Before you begin the vFabric Data Director for Hadoop deployment tasks, make sure that your system meets all of the prerequisites.

vFabric Data Director for Hadoop requires that you install and configure vSphere, and that your environment meets minimum resource requirements. You must also make sure that you have licenses for the VMware components of your deployment.

vSphere Requirements

Before you can install Data Director for Hadoop, you must have set up the following VMware products.

Install vSphere 5.0 (or later) Enterprise or Enterprise Plus.

Enable the vSphere Network Time Protocol on the ESXi hosts. The Network Time Protocol (NTP) daemon ensures that time-dependent processes occur in sync across hosts.

Resource Requirements for the vSphere Management Server and Templates

Resource pool with at least 4GB RAM.

Port group (or dvportgroup) with at least 6 uplink ports that has connectivity with the dvportgroups used to deploy your Hadoop clusters.

30GB or more (recommended) disk space for the management server and Hadoop template virtual disks.

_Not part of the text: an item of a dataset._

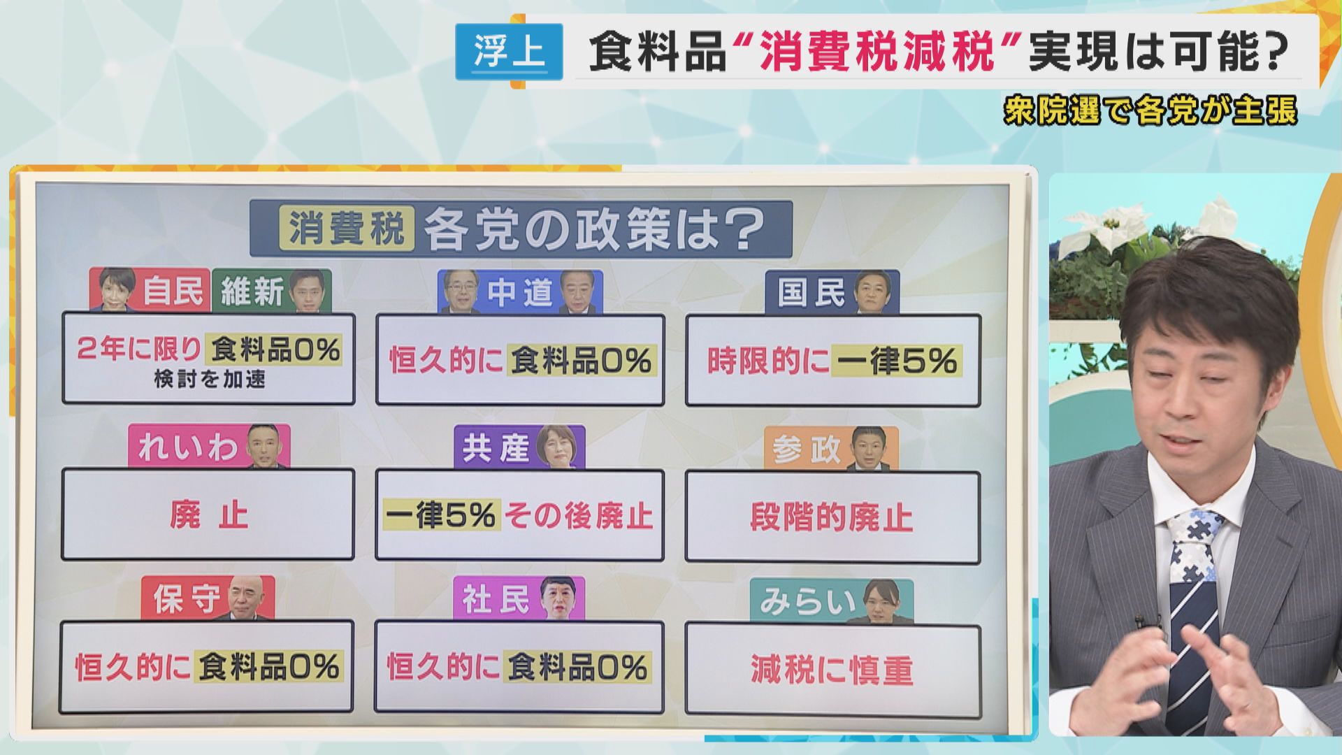 番組コメンテーターの亀井正貴弁護士は「各党、消費税を廃止するか、もしくはパーセンテージを下げるか、もしくは時限的に下げていくかという点では、一致しているが、各党の案がバラバラ。一致してるわけじゃない。自民と維新が圧倒的多数を取れば別ですけども、そうじゃない場合に、消費税の減税等は本当に実現するんだろうか。政局における単なる論点にしか過ぎないんじゃないか」との見方が示しました。

Resource Requirements for the Hadoop Cluster

By default, when you deploy the Data Director for Hadoop OVF, the deployment process allocates resources for the Hadoop cluster from the resource pool you create in vSphere. If you deploy using the default resource pool, the Hadoop cluster you create must not exceed the resources you allocate to the vSphere Management Server and Templates (see above). You can opt to not have the deployment process create a default resource pool, and manually create resource pools for your clusters with differing resource allocations as needed.

Resource pool limit is not less than the total memory required by the Hadoop cluster.

Datastore free space is not less than the total size needed by the Hadoop cluster, plus swap disks for each Hadoop node that is equal to the memory size requested.

Dvportgroup configured across all relevant ESX hosts, and has connectivity with the dvportgroups in use by the management server.

HA is enabled for the master node if HA protection is needed.


vSphere enterprise license because VMware High Availability (HA) and VMware Distributed Resources Scheduler (DRS) must be enabled.

One license per Hadoop worker node virtual machine. Hadoop nodes that only contain master roles (hadoop_namenode, hadoop_jobtracker) or client services (hadoop_client, pig, hive, hive_server) are exempt from licensing requirements. For example, if a cluster contains 1 master node, 10 worker nodes and 1 client node, 10 licenses are required.

You manage Data Director for Hadoop licenses from vSphere. You cannot manage the licenses with the Data Director licensing interface.